The Bible is our authoritative source. But as my friend Pastor Mark once said, it tells you everything you need to know, but not everything that you might want to know.
A bit of controversy seems to be clustering around The Chosen, the latest filmed treatment of the Gospel. Patty and I have watched all the episodes so far and are waiting for the next season to be ready. We really like it; but some don’t. (See Laura’s comment on yesterday’s post, “Are They Gunning for ‘The Chosen’?”)
We’ve seen any number of Bible movies in our time. Not one of them ever attempted to depict the Transfiguration. Rumor is that it’ll be left out of The Chosen because the producer et al think it’s “not important.” I consider that a ridiculous position to take; but let’s just wait and see what they actually do.
Rumors, rumors! Mormon money flowing in. Half the cast cheering for “Pride.” Theological inaccuracies inserted on purpose.

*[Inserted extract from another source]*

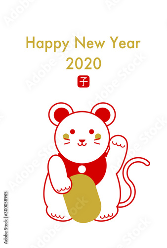 Obraz premium 2020年子年の年賀状イラスト: 招きねずみ

I can’t help wondering if it’s the Loving Left trying to smear The Chosen and alienating its Christian audience.
Anyhow, “Bible movies”–you can’t make one without leaving some things out and putting in other things that aren’t in the Bible. You have an hour and a half to fill. You have enormous expenses to justify. Your audience will have certain expectations which you will have to meet. And so on. Making a movie is not a religious exercise: although the end product might rekindle someone’s faith or get him started toward the light, if it’s the Holy Spirit’s pleasure to do so.
We have to be careful of how we use our imaginations when dealing with holy things; but we really can’t help using them, can we? The Bible tells us Jesus walked on water. Can you help trying to imagine that?
Another thing about a movie, a painting, a novel, or a sculpture–nothing created by any human hands will ever please everybody.